DEI Agendas
Diversity, Equality and Inclusion have become important principles or values for many organisations. Driving this, is the research that highlights the positive economic reasons for DEI, the sustainability of business driven by diverse workforces, and the strong ethical reasons to back DEI.
Yet many DEI agendas have stalled, or not achieved the outcomes they had wanted. Perhaps because we are all different and this creates a zero-sum game? Perhaps because systemic tension promotes the need for order, and one way of perceived order is to retreat to past structures? Perhaps because DEI practices, for all their best intentions, help to build tribes rather than truly diverse communities?
Enter Belonging
In an organisational sense, Belonging is acceptance and feeling fully part of a bigger collective. As Wikipedia states, often “people tend to have an ‘inherent’ desire to belong and be an important part of something greater than themselves.”

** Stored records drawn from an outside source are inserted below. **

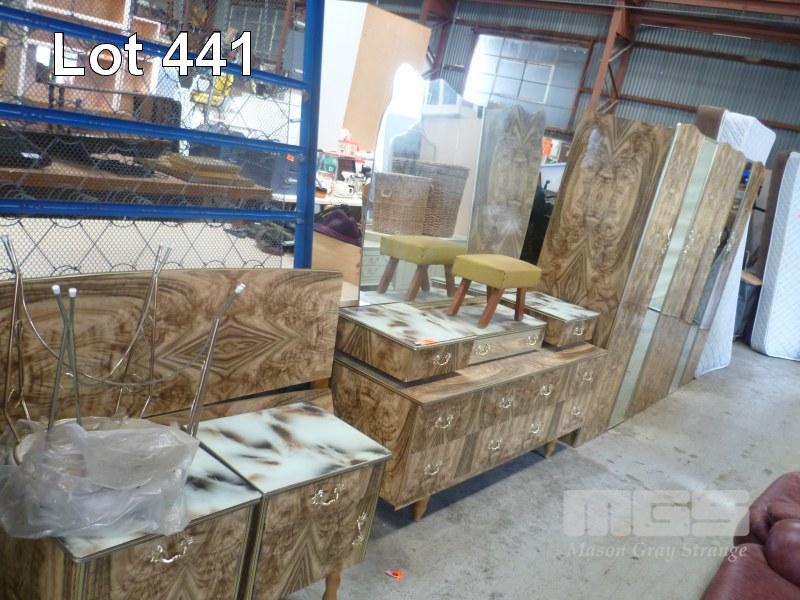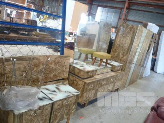 TIMBER LAMINATE, MID CENTURY 5 PIECE BEDROOM SUITE, INC PAIR WARDROBES, DRESSER, BEDSIDE CABINETS & DOUBLE BED FRAME
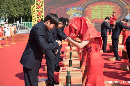 仪式隆重而不铺张。在中式婚礼司仪的引导下,20对新人身着传统礼服步入现场,依次进行迈火盆、跨马鞍、三叩九拜、挑盖头、结发礼、合卺酒、执手礼等环节,尽显传统婚礼仪式的庄重典雅,感受中华民族传统婚俗文化。著名歌手海来阿木来到现场,为新人们送上甜蜜歌曲和美好祝福。同时,安徽新利18官网还为新人们准备了旅游券和gpgcnt洞藏酒券等贺礼。
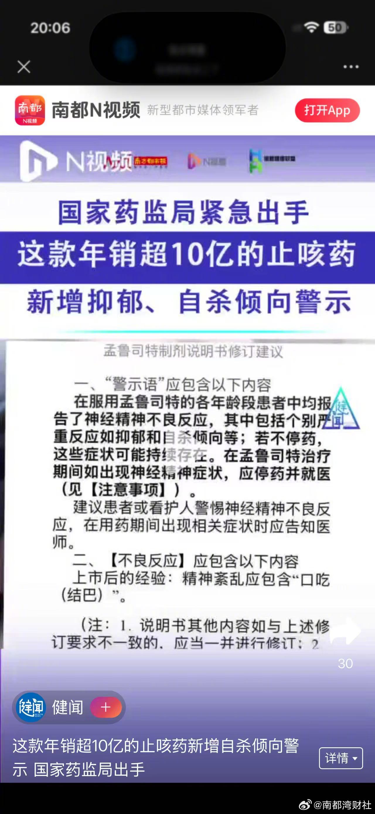 【#这款年销超10亿的止咳药新增自杀倾向警示#,国家药监局出手】为进一步保障公众用药安全,12月23日,国家药监局决定对孟鲁司特制剂(包括孟鲁司特钠片、孟鲁司特钠咀嚼片、孟鲁司特钠颗粒和孟鲁司特钠口溶膜)说明书内容进行统一修订。南都N视频记者注意到,孟鲁司特制剂说明书修订建议中新增“警示语”,个别严重反应涉及抑郁和自杀倾向。不良反应内的精神紊乱内容中应包含“口吃(结巴)”。网页链接
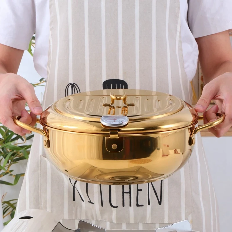 Сковорода Из Нержавеющей Стали с термометром кухонная утварь темпура сковорода для жарки Удобная сковорода
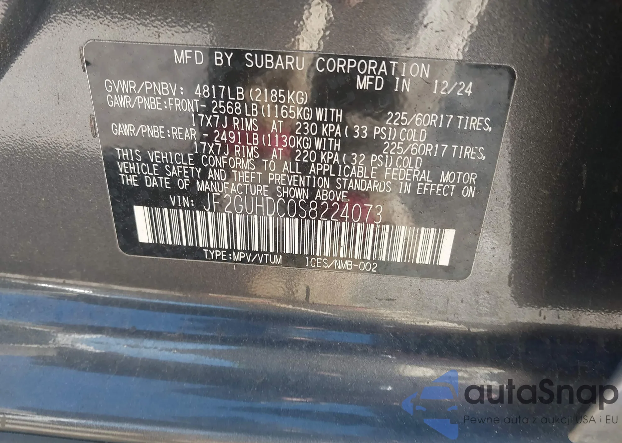 VIN: JF2GUHDC0S8224073
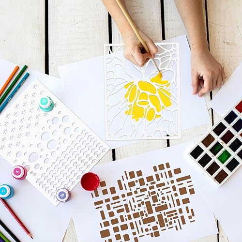 12 Pezzi Riutilizzabile Pittura Stencil Set, 29x21CM Plastica Disegno Pittura Modello di Stencil per Parete Pavimento, Mobili, Decorazioni Artigianali Fai Da Te
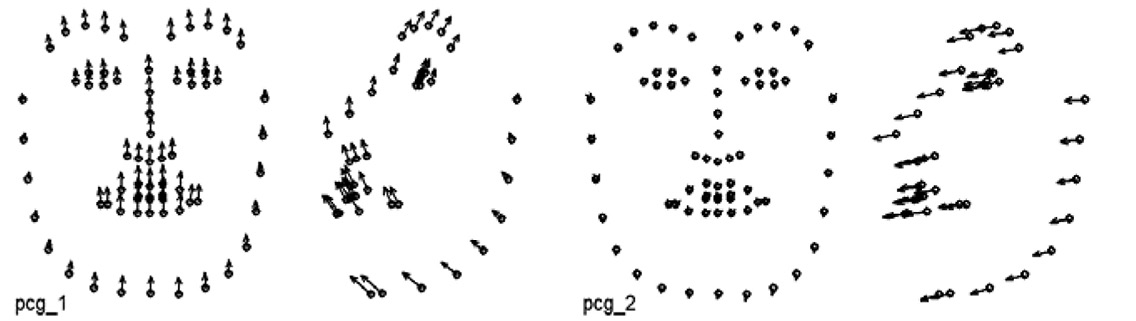 4) анализ нагрузок эмпирических главных компонент, вычисляемых на основе координат ключевых точек для объединенного набора данных.
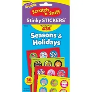 Variety of Stinky Stickers includes season and holiday themes. Each sticker offers a scratch-and-sniff surface that delivers a burst of fragrance. Use as rewards, incentives and collectibles. Stickers are acid-free, nontoxic and safe for use on photos. Ideal for teaching students in kindergarten to third grade (ages 5 to 8).

Belonging “belongs” to everyone. Belonging to a successful and inclusive team is a truly rich experience for anyone that takes organisational life seriously. It is core to intrinsic motivation and instinctively provides drive to perform and engagement with the group’s purpose and strategy. . Belonging drives engagement and productivity.
If team leadership creates the condition for all to belong, then there is little need to champion many of the specific agendas of DEI as people are already included.
Building Belonging
Belonging can be fostered as a core informal structure for any team or business. The smaller the unit the easier. So starting at a team level is important and sensible.
The first step is for the leader to find their own true purpose for wanting a team they lead to experience belonging. Task focused leaders may find this challenging at first, and will need to see the benefits of attending to team culture in this way. Once committed, belonging can be shaped by:
- Commitment across the whole team to a shared purpose
- Deepening the density of communication across the team
- Consciously working to reduce fragmentation and disconnection that blocks execution.
- Increasing trust as a team ingredient through elevating both support and challenge
- Find more opportunity for genuine collective decision making involving all of the team
Summary
Belonging may supplant the need to attend to many of the detailed DEI requirements now in place
It generates motivation that drives all of the team to higher productivity and will significantly increase engagement. It takes the pressure of the team leader to drive tasks and own most decisions.
And importantly it reveals to individuals and teams some hidden systemic forces that once addressed can grow leadership maturity. Belonging comes through healthy supportive relationship and is a foundation for trust.